When talking about exclusive territories in franchising, it typically refers to the geographic area or domain in which a franchisee can operate their business. This means no other franchised or company-owned outlet can operate in that area.
However, the franchise may include a clause that states if the market can support another franchise owner, then the current franchisee gets first right of refusal – meaning they have the first opportunity to open another franchise in that area. If they decline, then the franchise can put a new owner in that area.
Each franchisee is designated an exclusive territory to operate in, and has exclusive marketing rights to potential customers in the specified region. Multi-unit franchise owners have multiple locations, and thus a larger exclusive territory to market their business. A multi-unit owner can typically cross-market to different geographic regions, as long as they are owned by the same franchisee.
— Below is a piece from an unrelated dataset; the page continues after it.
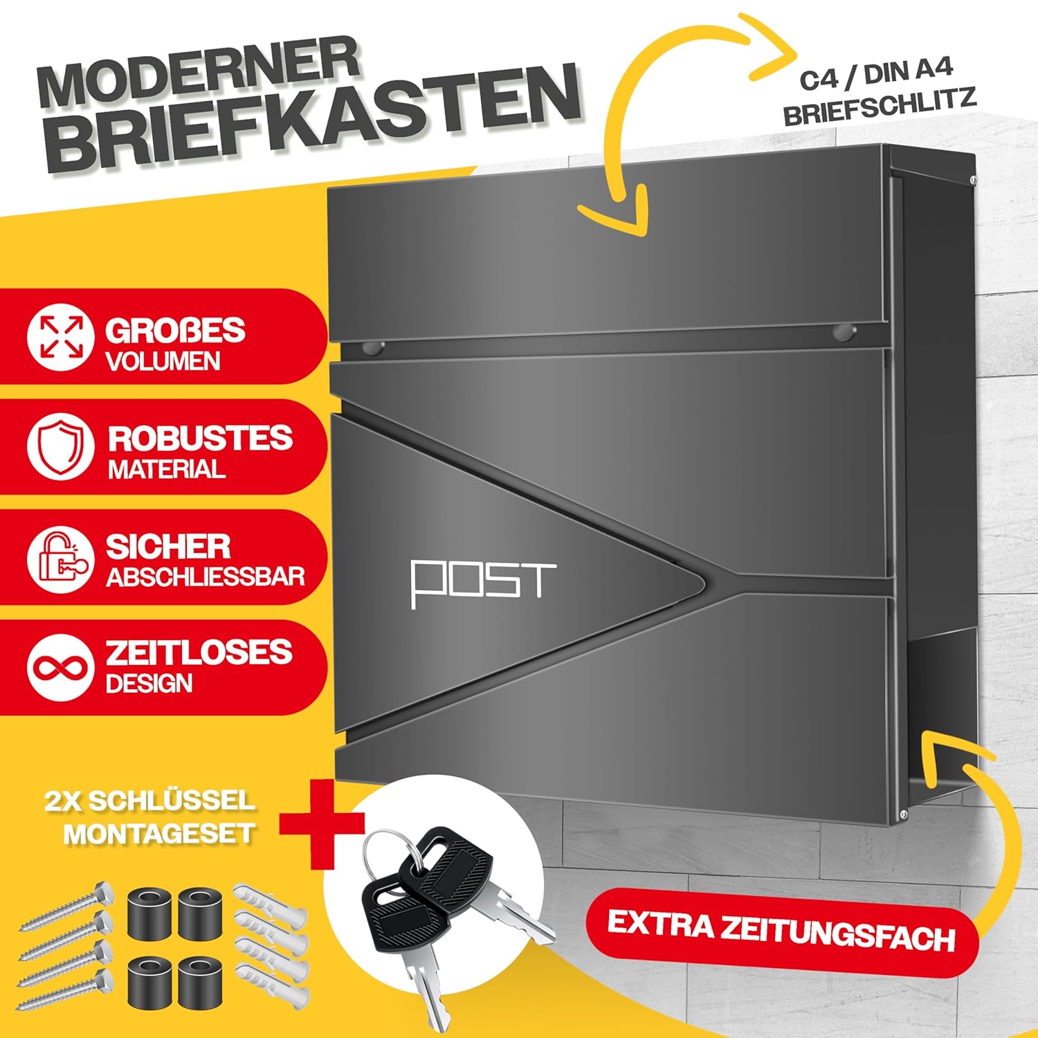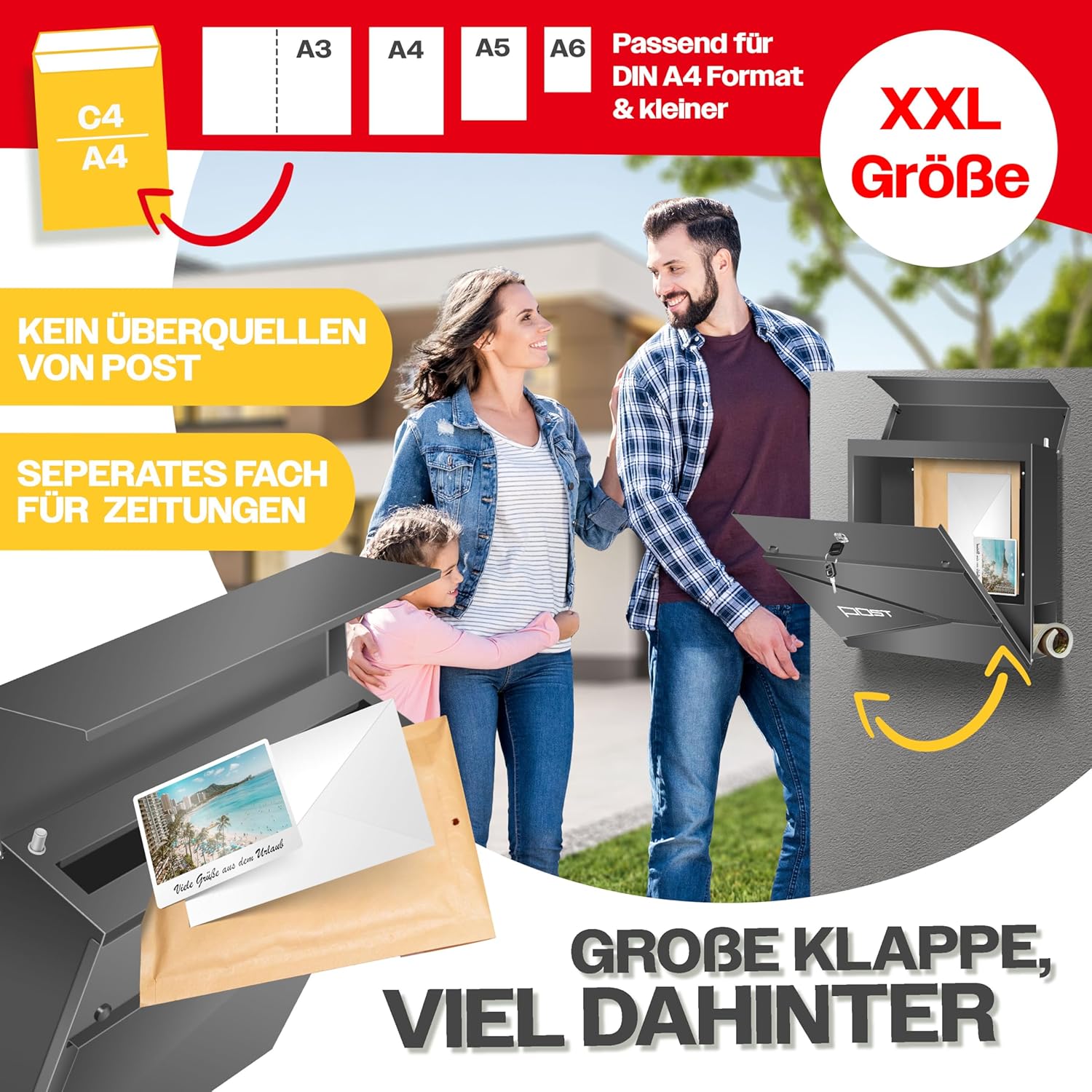 Das Kesser® Postfach wurde für die Bedürfnisse von Familien, kleinen Unternehmen und sogar Einzelpersonen entwickelt, die Wert auf Ordnung und Sicherheit legen. Mit seiner großzügigen C‑4‑Fachöffnung können Standardbriefe, Luftpolsterumschläge und kleine Pakete mühelos aufgenommen werden. Der integrierte Zeitungsfachbereich sorgt für klare Trennung und Übersichtlichkeit, sodass Zeitschriften, Broschüren und andere Unterlagen ordentlich verstaut bleiben.

Assigning specific exclusive territories to each franchisee helps ensure equal opportunity among all franchisees. But not all markets are the same. Some markets are larger than others, and thus have more potential. For this reason, franchisees in smaller markets may have a larger geographic area, yet still have the same amount of residents or potential as a franchisee in a more populated area.
Exclusive rights vary depending on each franchise. For example, in some franchise models the franchisee may have exclusive rights only where his or her location stands, and no more. But, most franchise models divide up territories based on city, state or even zip code.